=== Data block ===

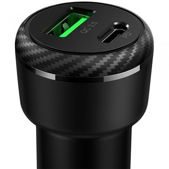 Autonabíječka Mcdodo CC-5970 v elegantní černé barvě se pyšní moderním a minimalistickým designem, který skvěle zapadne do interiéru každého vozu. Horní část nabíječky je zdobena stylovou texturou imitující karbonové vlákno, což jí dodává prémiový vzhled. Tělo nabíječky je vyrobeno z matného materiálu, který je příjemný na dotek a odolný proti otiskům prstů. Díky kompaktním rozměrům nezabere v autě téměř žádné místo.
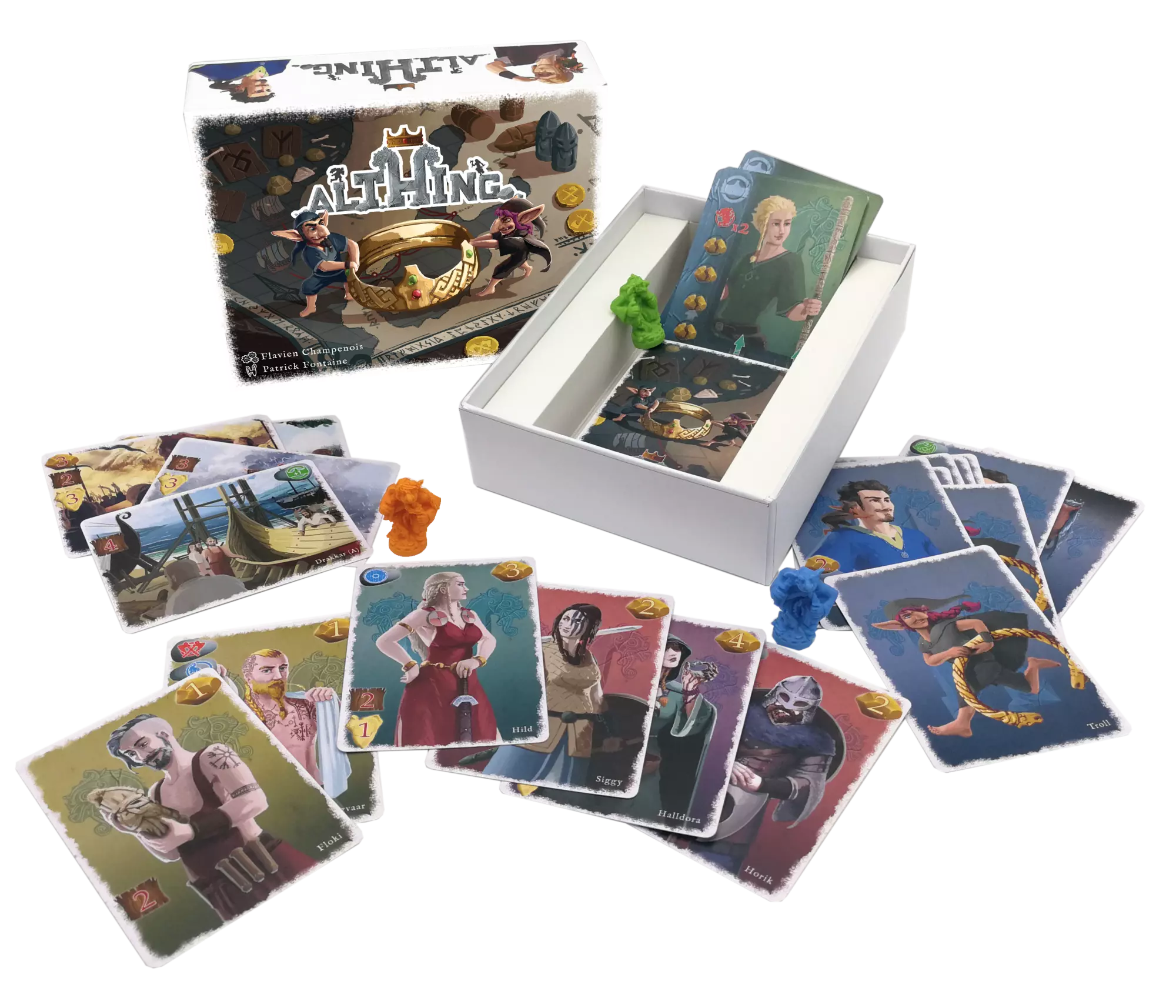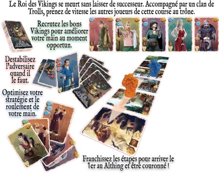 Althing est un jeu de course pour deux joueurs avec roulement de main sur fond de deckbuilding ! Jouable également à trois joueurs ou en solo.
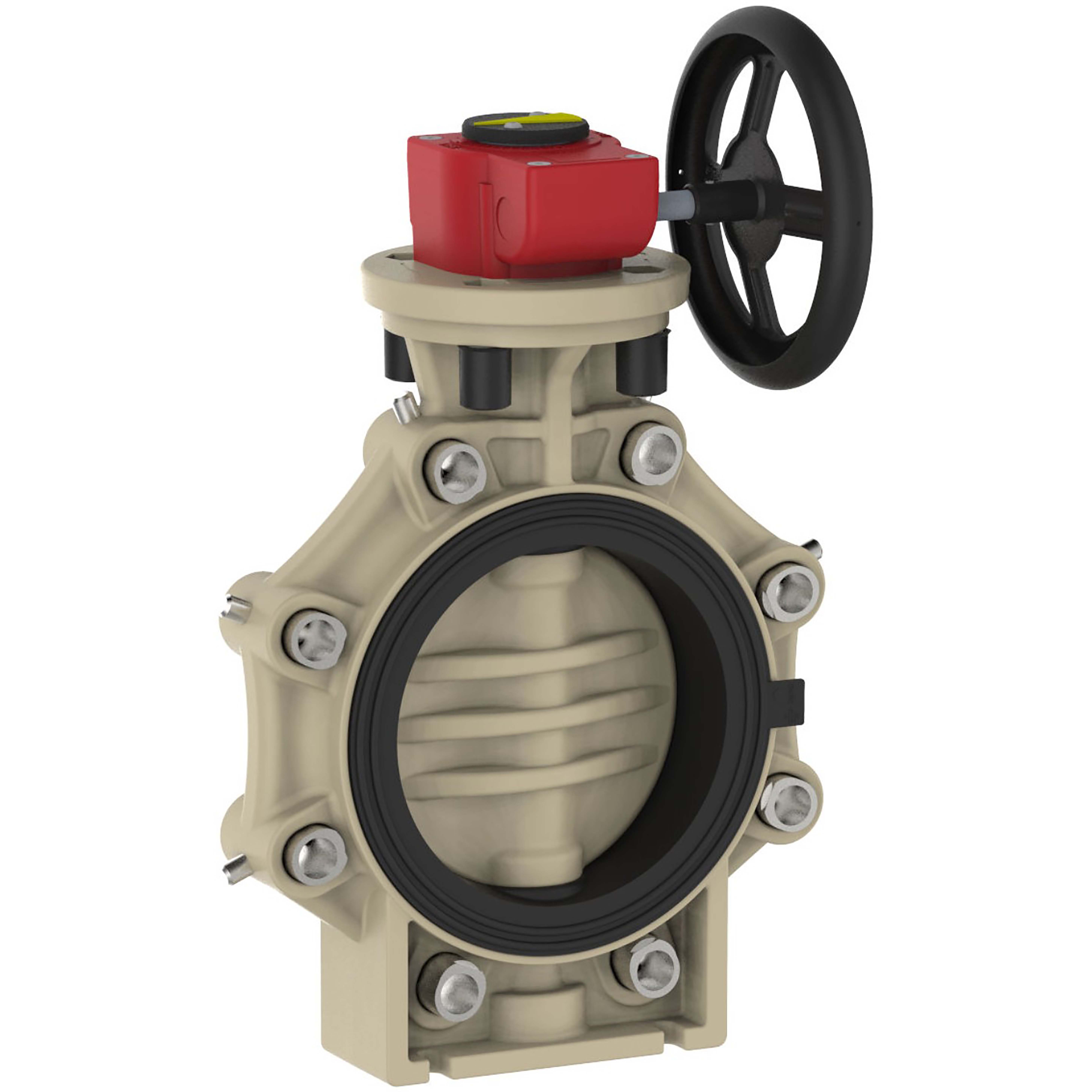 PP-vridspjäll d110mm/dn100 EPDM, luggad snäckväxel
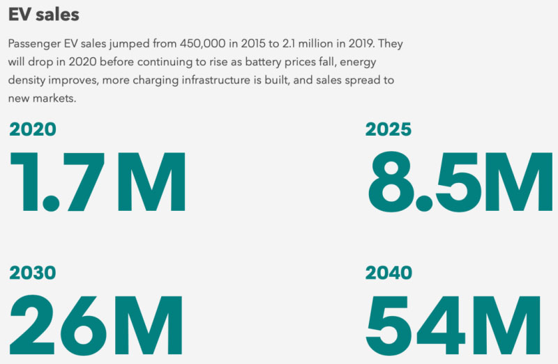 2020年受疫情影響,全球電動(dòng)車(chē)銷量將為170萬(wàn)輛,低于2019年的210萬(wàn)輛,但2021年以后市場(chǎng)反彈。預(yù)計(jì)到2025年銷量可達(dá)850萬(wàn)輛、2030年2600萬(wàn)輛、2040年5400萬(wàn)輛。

=== What is expected ===
Top to bottom, retype the listing exactly but drop every picture.

=== Expected output ===
 Autonabíječka Mcdodo CC-5970 v elegantní černé barvě se pyšní moderním a minimalistickým designem, který skvěle zapadne do interiéru každého vozu. Horní část nabíječky je zdobena stylovou texturou imitující karbonové vlákno, což jí dodává prémiový vzhled. Tělo nabíječky je vyrobeno z matného materiálu, který je příjemný na dotek a odolný proti otiskům prstů. Díky kompaktním rozměrům nezabere v autě téměř žádné místo.
 Althing est un jeu de course pour deux joueurs avec roulement de main sur fond de deckbuilding ! Jouable également à trois joueurs ou en solo.
 PP-vridspjäll d110mm/dn100 EPDM, luggad snäckväxel
 2020年受疫情影響,全球電動(dòng)車(chē)銷量將為170萬(wàn)輛,低于2019年的210萬(wàn)輛,但2021年以后市場(chǎng)反彈。預(yù)計(jì)到2025年銷量可達(dá)850萬(wàn)輛、2030年2600萬(wàn)輛、2040年5400萬(wàn)輛。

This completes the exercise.